LAS VEGAS — ZF buys cloud storage and other services from Microsoft. But to the German supplier’s r&d chief, that’s not the half of it.

In addition to giving his team better tools to work smarter as programmers, Dirk Walliser sees an example in Microsoft of how a successful company can reinvent itself — and an institutional mentor willing to share how it happened.

“I see your cultural transformation that you have been doing the last five years,” he said to Jean-Philippe Courtois, Microsoft’s global head of sales, in a meeting room at Mandalay Bay last week at CES. “And that’s about the blueprint of what we will face in the next five to 10 years — we will have changed as much as Microsoft.”

The two had just met, but they talked like old friends. Walliser said being able to ask Microsoft counterparts “ ’How did you do it?’ and ‘What were the big takeaways from this cultural transformation?’ for me, is the most important piece of the partnership.”
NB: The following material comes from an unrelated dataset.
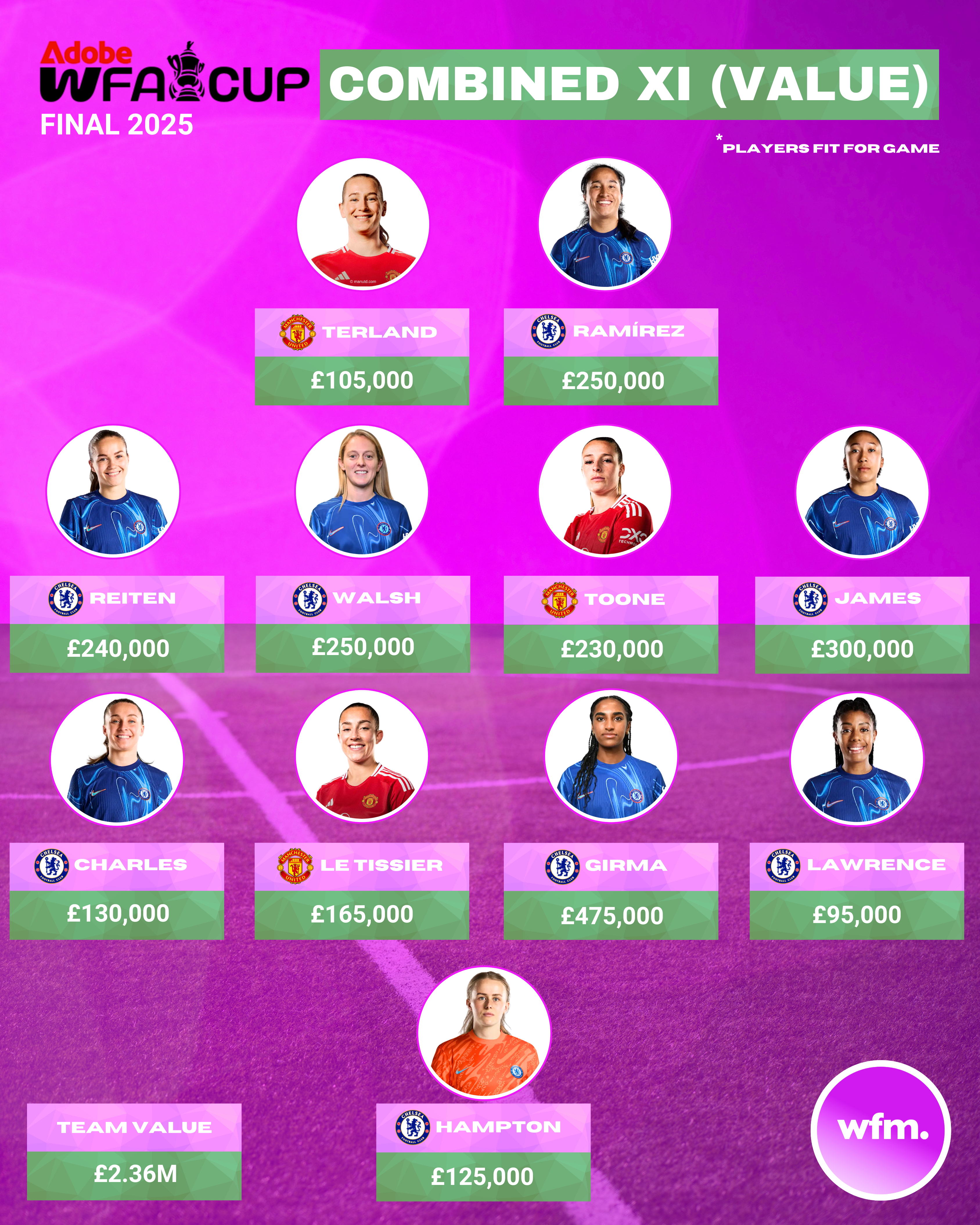 Our Adobe Women’s FA Cup Final 25’ Most Valued XI based on players available – a combined total of £2.36m and a tasty line-up indeed!

To look at Satya Nadella’s track record as CEO of Microsoft, it’s not hard to see why others might want to emulate him. In his almost six years at the helm, the company’s stock has risen about fourfold. He’s reinvigorated the mindset from a software company calcified by its own success and gave it a new mission.

Looking at a global economy and work force very different from what it was like in 1975, when Microsoft was founded, Courtois said Nadella saw that “we need to change our aspiration.

“We said we want to empower every person, and every organization on the planet to achieve.”

Courtois recalled a meeting at another major confab held each January — last year’s World Economic Forum at Davos, Switzerland — between Nadella and ZF CEO Wolf-Henning Scheider. Courtois said the conversation was about “what it’s going to take for a company with this deep [mechanical] engineering culture like ZF to become a truly at-scale software company.”

Microsoft’s vision of industrial evolution in an era when everything run by software — under the umbrella of what Nadella calls “tech intensity” — was a perfect fit for ZF, which is transforming itself from a maker of precision parts and components, such as axles and transmissions, into one that offers full driver-assist systems, central computing units for smoother chassis movements, even airbags for the outside of the car.

As the industry was starting to change toward electrification and automated driving, it was clear, Walliser said, that just remaining a maker of parts wasn’t going to be enough.

Peter Drucker said that culture eats strategy for breakfast, as the two men cited, so for ZF — or at least Walliser’s part of it — to become more of a software company, it needs not only new tools, but new ways of using tools and working together. And new friends to show the way.

“So I’m really, really pleased,” he said at CES, “that there’s Davos.”